_WORK TO BE COMPLETED:_ Transcribe this listing exactly; omit the pictures.

_INPUT DATA:_
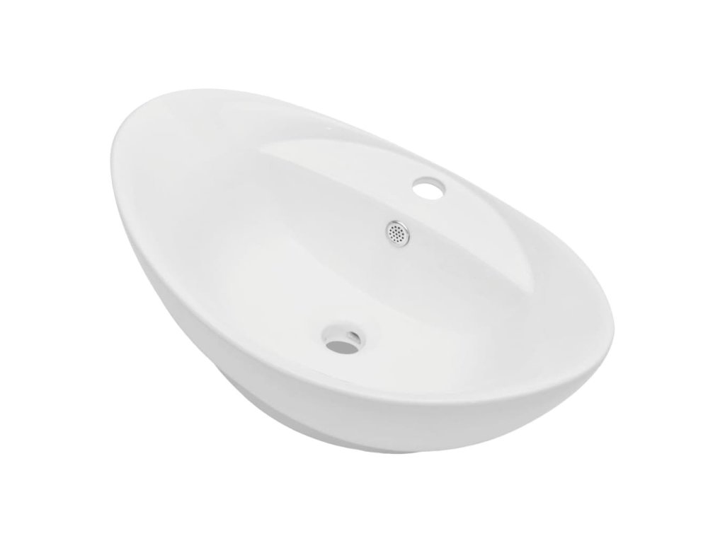 Naše praktické a nadčasové oválné umyvadlo s nástěnnou policí bude stylovým doplňkem do jakékoli koupelny, umývárny nebo toalety.
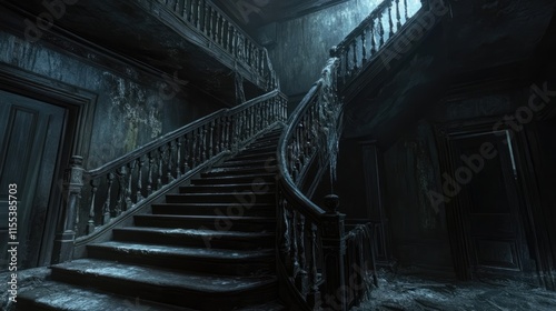 Haunting staircase in a decaying asylum with eerie lighting and historical charm
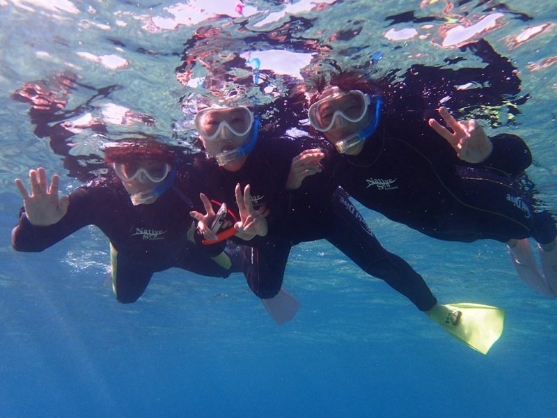 ご集合時に「ウミガメ見たいです~」とのリクエストを頂いた仲良し女子3人組のお客様。余裕のポーズで写真撮影にも応じて頂きました♪
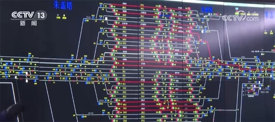 總臺(tái)央視記者 張叢婧:我現(xiàn)在是來(lái)到了車(chē)站的行車(chē)指揮室,可以看到這塊大屏幕上實(shí)時(shí)顯示著車(chē)站的列車(chē)狀態(tài),中間這些紅色的線(xiàn)就代表著此時(shí)軌道上正在有列車(chē)作業(yè)或者等待作業(yè),左邊這些紅色線(xiàn)就意味著現(xiàn)在有列車(chē)正在進(jìn)站。

_WRITTEN SOLUTION:_
 Naše praktické a nadčasové oválné umyvadlo s nástěnnou policí bude stylovým doplňkem do jakékoli koupelny, umývárny nebo toalety.
 Haunting staircase in a decaying asylum with eerie lighting and historical charm
 ご集合時に「ウミガメ見たいです~」とのリクエストを頂いた仲良し女子3人組のお客様。余裕のポーズで写真撮影にも応じて頂きました♪
 總臺(tái)央視記者 張叢婧:我現(xiàn)在是來(lái)到了車(chē)站的行車(chē)指揮室,可以看到這塊大屏幕上實(shí)時(shí)顯示著車(chē)站的列車(chē)狀態(tài),中間這些紅色的線(xiàn)就代表著此時(shí)軌道上正在有列車(chē)作業(yè)或者等待作業(yè),左邊這些紅色線(xiàn)就意味著現(xiàn)在有列車(chē)正在進(jìn)站。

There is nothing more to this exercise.